Melanization in T. marneffei has been identified both in vitro and during infection. T. marneffei is capable of synthesizing both DHN- and DOPA-melanin [2022]. The polyketide synthase WA is responsible for DHN-melanin synthesis during asexual development [22]. Laccase activity has been detected in extracts from yeast cells [20] and T. marneffei yeast cells can produce DOPA-melanin using L-DOPA supplemented in culture medium [21]. Both DOPA- and DHN-melanin biosynthetic pathways require the function of laccases [6, 15]. However, the specific laccase(s) required have not been identified and the enzymatic activities necessary for melanin biosynthetic steps have not been verified in detail. To examine the type of melanin occurs during conidiation, the DHN-melanin synthesis inhibitor tricyclazole [2325] was added to the culture medium of T. marneffei grown at 28°C. It was found that the addition of tricyclazole altered the green coloration of conidia suggesting that the melanin synthesized during T. marneffei conidiation is a DHN-melanin. The genome of the T. marneffei type strain harbors 10 genes that encode multicopper oxidase proteins. Phylogenetic analysis showed that T. marneffei pbrB gene encodes a laccase that shares a common evolutionary origin with fungal laccases functioning in DHN-melanin synthesis. To test this hypothesis we deleted the pbrB gene and characterized its function during growth and development. By analysing the gene expression pattern and protein localization we show that the pbrB gene is required for the synthesis of DHN-melanin in conidia.

Materials and Methods

Strains and culture conditions

All transformants were produced from a uracil auxotrophic strain (G526, ΔpkuA pyrG-) derived from Talaromyces marneffei FRR2161 (CBS 334.59, ATCC18224) [26, 27]. Strain G526 lacks the pkuA gene encoding the ku70 protein which functions in non-homologous DNA end joining repair [28]. Therefore, genetic transformation is mediated via homologous recombination only. G526 harbors a spontaneous, loss-of-function mutation in pyrG (orotidine-5’-phosphate decarboxylase encoding gene) selected by growth in the presence of 5-fluoroorotic acid [27]. All pyrG+ transformants and the T. marneffei G681 (ΔpkuA::pyrG+) strain used as a control, were maintained on ANM medium containing 1% (w/v) glucose, 10 mM ammonium sulfate [26]. The T. marneffei F4 strain isolated from an AIDS patient (CBS 119456) [29] was maintained on malt extract (ME) agar. Conidial suspensions of transformants and the G526 strain were harvested from conidiating colonies growing on ANM solid medium at 28°C for 1 week. Colonies on petri dishes were flooded with sterilized phosphate buffer saline, gently scraped, filtered through Miracloth (Calbiochem), and recovered by centrifugation.

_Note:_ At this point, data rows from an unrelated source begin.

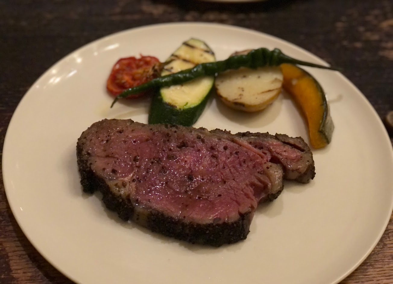 餐點點了龍蝦濃湯,裡面有小的龍蝦肉,味道挺特別的。主餐8oz的牛排有一點偏熟比較可惜,但肉蠻好吃的,餐盤裡的菜都蠻好吃的,尤其是節瓜,大條且多汁,十分有誠意。
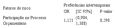 No que se refere à covariável “participação no processo orçamentário”, foi possível observar que os resultados obtidos por meio da regressão logística não apontaram associação significativa entre a participação no processo orçamentário e preferências intertemporais dos respondentes quando da elaboração do orçamento, não corroborando os pressupostos definidos no referencial teórico de que a participação no processo orçamentário pode reduzir distorções ocasionadas por vieses cognitivos, tais como vieses capazes de conduzir ao fenômeno da folga orçamentária.
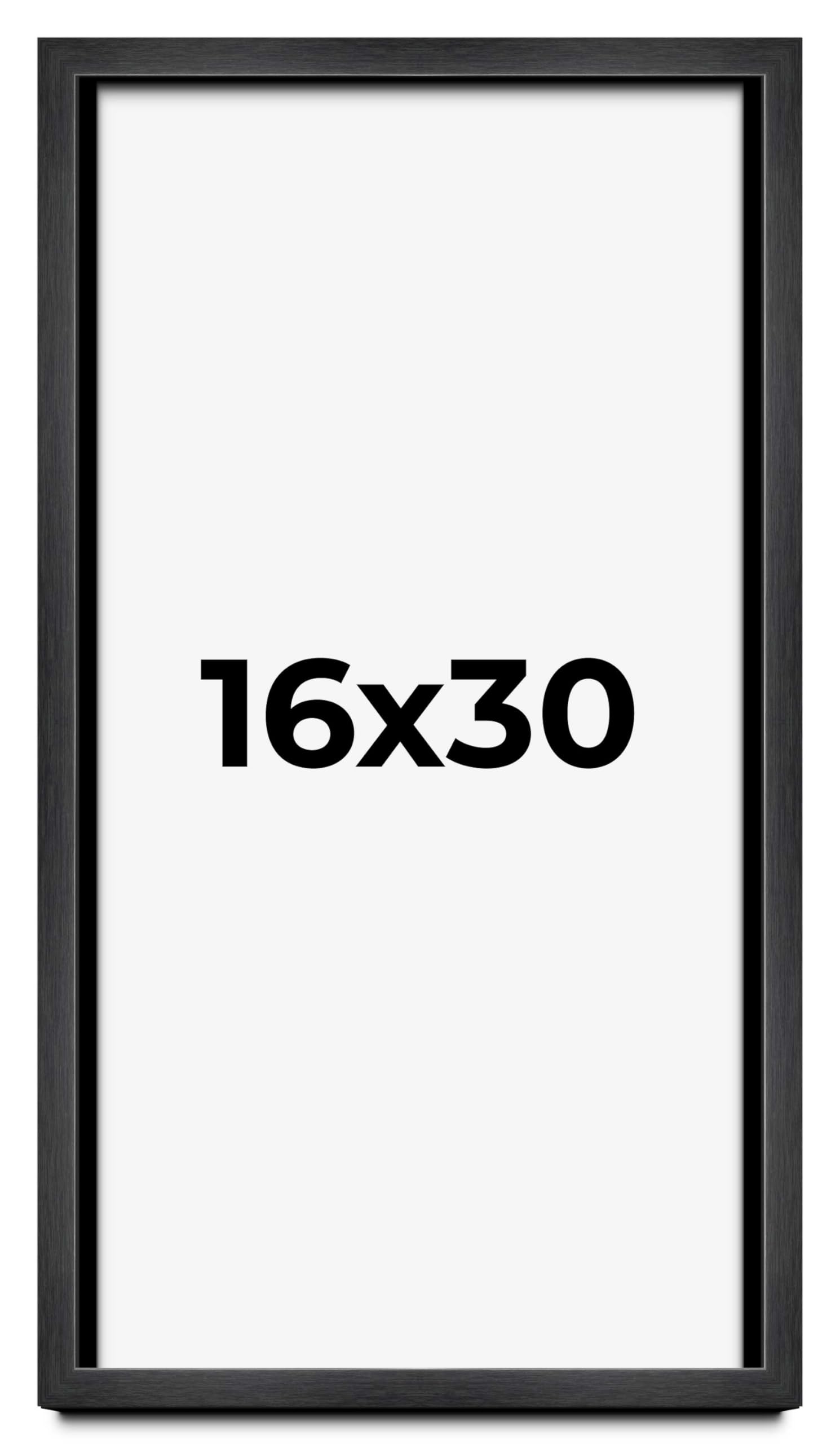 - Charcoal Wood Shadow Box Frame Interior dimensions of 16x30 inches with 3/4" of usable depth. UV resistant, frame-grade acrylic protective front. Acid-free white backing board and interior walls. Hanging hardware included for vertical or horizontal display.

Inhibition of reductase enzyme function assay

Conidia were harvested from T. marneffei F4 colonies cultured on ME agar at 28°C for 1 week. A suspension of 106 conidia was spread on ME agar with and without 30 μg/ml tricyclazole in 6-well plate. The plate was incubated at 28°C for 1 week.

RT-PCR

The expression of pbrB was investigated by RT-PCR. RNA samples were extracted from T. marneffei F4 cultured in brain heart infusion (BHI) broth at 28°C and 37°C for 3 days. RNA was extracted and used as a template to produce cDNA using Omniscript reverse transcription kit (Qiagen). The pbrB cDNA was then amplified using specific primers PmLac25-F and L25Re. The 18s rRNA was amplified as a control using Pm1 and Pm2 primers [30]. Primers used in this study are listed in Table 1.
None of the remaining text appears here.